Olakunle Williams Leads Tetracore Energy into Ghana’s Virtual Gas Era 

The future of West African energy has arrived. And it has done so not by pipeline, but by pressurised truck, thanks to the news that the first Compressed Natural Gas (CNG) facility in Ghana is now operational.

The $15 million facility was commissioned in Tema in early 2026 by Ghanaian President John Mahama. However, it was built by Tetracore Gas Ghana, a subsidiary of the Nigerian-led Tetracore Energy Group, founded and run by Dr. Olakunle Williams.

The project really is a pivot towards advantage-delivering strategy, one that creates a “virtual pipeline,” using specialised trucks to deliver CNG to industries beyond physical pipeline networks. By offering a cleaner, scalable alternative to diesel, this methodology meaningfully bypasses massive infrastructure costs.

According to reports, the initial capacity is 5.1 million standard cubic feet per day. With plans to double it within nine months, the facility is projected to cut carbon emissions by approximately 1,347 metric tons daily.

Williams, a lawyer and project management professional, is expanding a Nigerian template. His group already operates significant CNG and gas distribution infrastructure in Edo and Ogun States, so this Ghana move marks a deliberate foray into regional energy integration.

The venture draws attention to a growing intra-African energy collaboration. Tetracore is a registered shipper on the West Africa Gas Pipeline, and the project involved a joint venture with Nigeria’s NNPC Gas Marketing Limited.

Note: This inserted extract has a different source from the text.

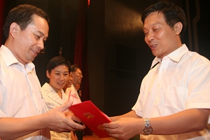 秋菊溢彩,丹桂飘香。9月12日下午,学院领导周致纳、杨晓西、王江水、黄碧莲、安少华、邹晓平、戴炳源及全院教职工共聚大礼堂隆重庆祝我国第23个教师节。院长杨晓西教授主持了大会。大会对获得学院“教学名师奖”、“师德标兵”称号、2006—2007年度教学质量优秀奖及2006—2007学年度教书(管理、服务)育人的先进个人进行了表彰,学院领导分别为他们颁发了荣誉证书和奖品、奖金。其中,“教学名师奖”和“师德标兵”是我院建院以来首次组织的评选。“教学名师奖”一次性奖励人民币10000元,每两年学院组织一次评选,每次获奖名额不超过5人;“师德标兵”是经基层民主推荐,全院师生投票等相关程序产生。

Financially, the model is a calculated bet on industrial demand, one that provides a reliable, cost-effective fuel for factories and logistics, positioning gas as a catalyst for regional industrial growth. Therefore, for Williams, the facility is more a proof of concept than more than infrastructure. What it demonstrates is that African companies can deploy sophisticated, cleaner energy solutions across borders, turning a regional gas network into a web of economic opportunity, one truckload at a time.